No. 83 – Columbus Aviators
- Position: Punter
- Roster status: Active

Personal information
- Born: October 6, 1998 (age 27) Westerville, Ohio, U.S.
- Listed height: 6 ft 1 in (1.85 m)
- Listed weight: 203 lb (92 kg)

Career information
- High school: Westerville South (OH)
- College: Michigan (2017–2022)
- NFL draft: 2023 (6th round, 217th overall pick)

Career history
- Cincinnati Bengals (2023–2024); Buffalo Bills (2025); Las Vegas Raiders (2025)*; Columbus Aviators (2026–present);
- * Offseason or practice squad member only

Career NFL statistics as of 2025
- Punts: 80
- Punt yards: 3,527
- Punt average: 44.1
- Net punting average: 40.1
- Inside 20: 21
- Longest punt: 62
- Stats at Pro Football Reference

= Brad Robbins (American football) =

American football player (born 1998)

Brad Robbins (born October 6, 1998) is an American professional football punter for the Columbus Aviators of the United Football League (UFL). He played college football for the Michigan Wolverines, and was selected by the Bengals in the sixth round of the 2023 NFL draft.

==College career==
Robbins committed to Michigan in February 2017.

==Professional career==

Pre-draft measurables
| Height | Weight | Arm length | Hand span | Wingspan | Vertical jump |
| 6 ft 0+1⁄2 in (1.84 m) | 199 lb (90 kg) | 30+3⁄8 in (0.77 m) | 9 in (0.23 m) | 6 ft 2+5⁄8 in (1.90 m) | 35.5 in (0.90 m) |
All values from NFL Combine/Pro Day

===Cincinnati Bengals===
Robbins was selected by the Cincinnati Bengals in the sixth round (217th overall) of the 2023 NFL draft, making him and Michigan teammate Jake Moody the second punter and kicker tandem to be taken in the same draft in the last 40 years. He was the second punter taken in the draft behind Bryce Baringer, and ahead of Ethan Evans.

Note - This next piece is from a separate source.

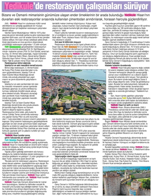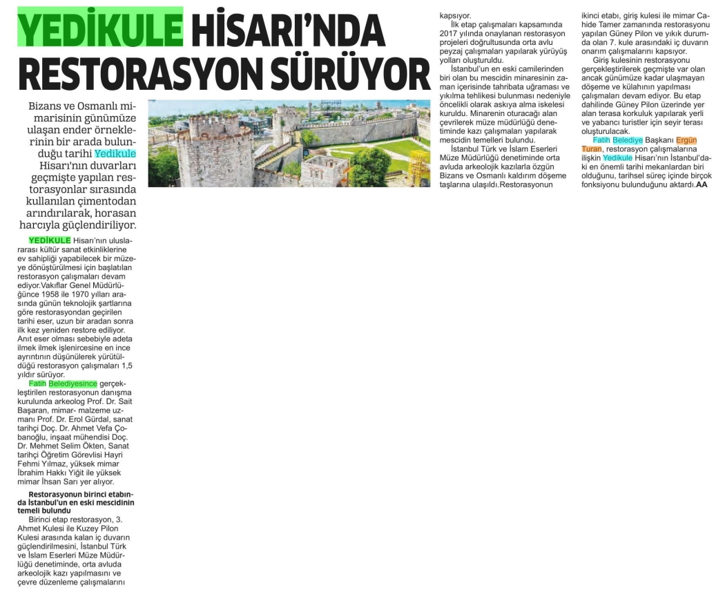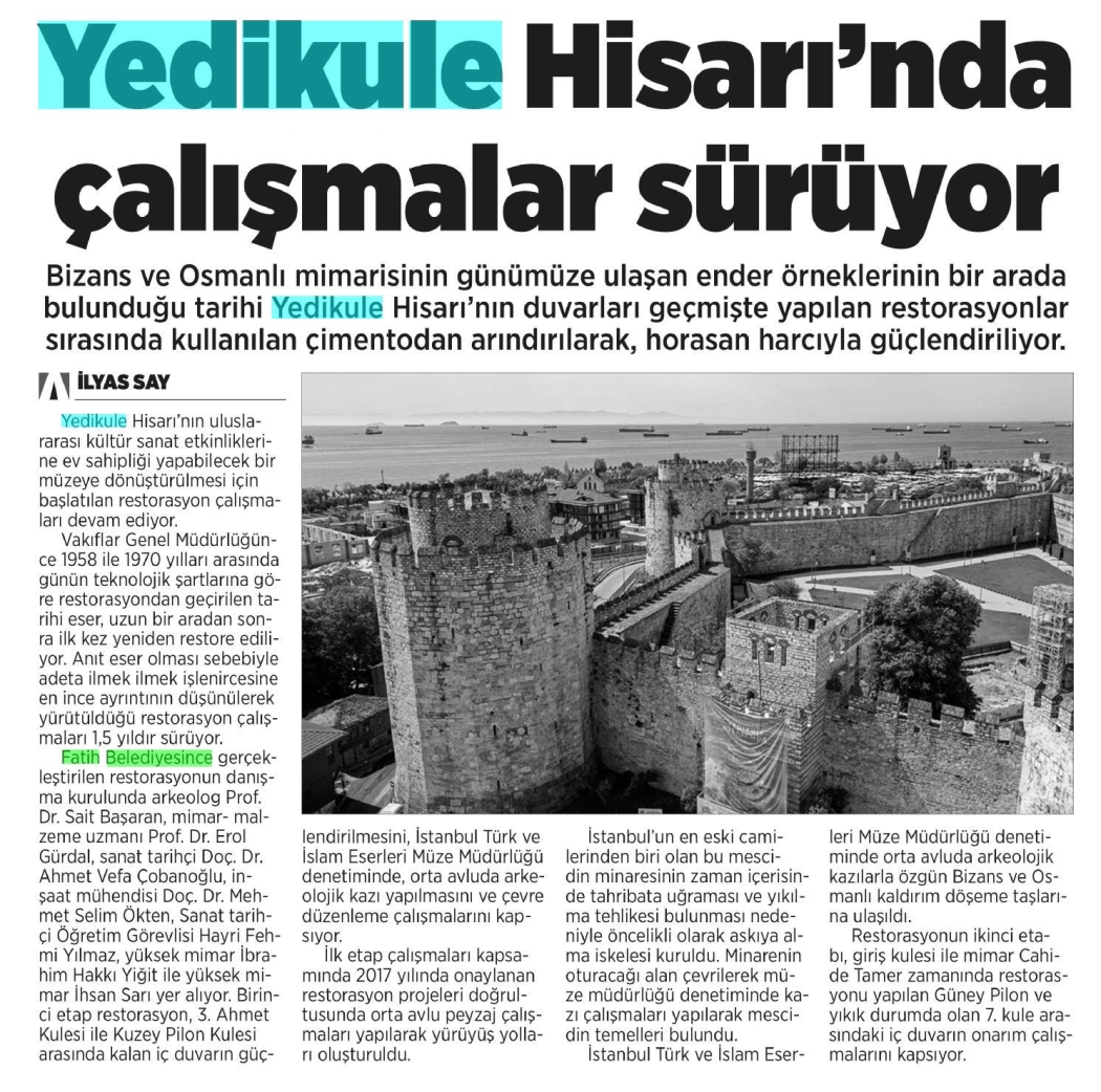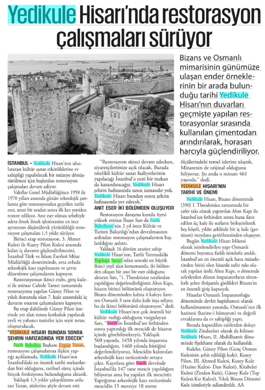 Zamana Meydan Okuyan Yedikule Hisarı'nda Restorasyon Çalışmaları Sürüyor 5.6.2021 - Yenigün Gazetesi

Robbins began the 2024 season on injured reserve with a quadriceps injury. He was released on October 1, 2024.

===Buffalo Bills===
On March 31, 2025, Robbins signed with the Buffalo Bills.
On September 9, he was released following their first game of the season.

===Las Vegas Raiders===
On October 7, 2025, Robbins signed with the Las Vegas Raiders' practice squad. He was released on October 14.

=== Columbus Aviators ===
On March 18, 2026, Robbins signed with the Columbus Aviators of the United Football League (UFL).